Look through the data below and output, unchanged, every line from the one holding "XIO3130 connect to" through the one holding "또 다른 사진에서는 책상에", inclusive. Skip the pictures.

▶ [DATA PROVIDED]
┄┄┄┄┄┄┄┄┄┄

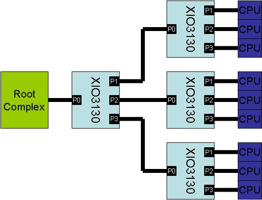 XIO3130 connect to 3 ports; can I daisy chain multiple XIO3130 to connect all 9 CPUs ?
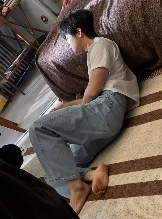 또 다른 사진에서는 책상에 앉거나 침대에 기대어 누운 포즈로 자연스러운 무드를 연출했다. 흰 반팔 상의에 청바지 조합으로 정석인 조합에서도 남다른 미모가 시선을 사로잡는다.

┄┄┄┄┄┄┄┄┄┄

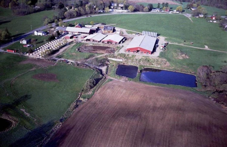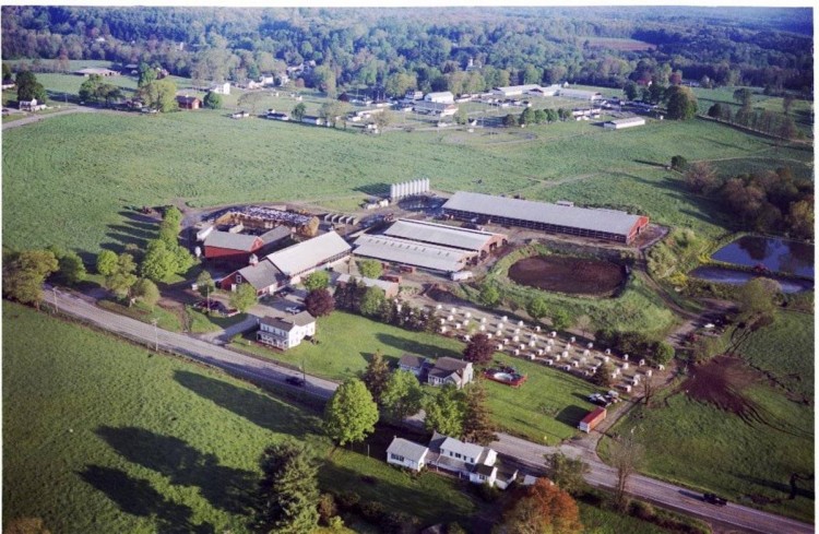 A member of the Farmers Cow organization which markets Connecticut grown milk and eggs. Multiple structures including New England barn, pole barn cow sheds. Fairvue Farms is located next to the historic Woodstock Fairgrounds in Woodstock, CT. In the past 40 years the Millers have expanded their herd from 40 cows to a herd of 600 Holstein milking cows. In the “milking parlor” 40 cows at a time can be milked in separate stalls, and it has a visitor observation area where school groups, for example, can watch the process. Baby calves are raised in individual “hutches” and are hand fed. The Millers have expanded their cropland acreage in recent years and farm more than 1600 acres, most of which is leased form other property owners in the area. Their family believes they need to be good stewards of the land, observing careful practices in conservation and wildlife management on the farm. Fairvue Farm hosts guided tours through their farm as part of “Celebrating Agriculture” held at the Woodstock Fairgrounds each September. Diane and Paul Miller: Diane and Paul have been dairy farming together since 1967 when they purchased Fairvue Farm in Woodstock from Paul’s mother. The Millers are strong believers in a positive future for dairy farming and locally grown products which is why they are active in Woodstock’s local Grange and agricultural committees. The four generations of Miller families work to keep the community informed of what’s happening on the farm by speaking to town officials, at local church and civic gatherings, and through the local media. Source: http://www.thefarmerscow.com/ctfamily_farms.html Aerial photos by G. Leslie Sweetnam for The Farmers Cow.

┄┄┄┄┄┄┄┄┄┄

▶ [WRITTEN RESPONSE]
 XIO3130 connect to 3 ports; can I daisy chain multiple XIO3130 to connect all 9 CPUs ?
 또 다른 사진에서는 책상에 앉거나 침대에 기대어 누운 포즈로 자연스러운 무드를 연출했다. 흰 반팔 상의에 청바지 조합으로 정석인 조합에서도 남다른 미모가 시선을 사로잡는다.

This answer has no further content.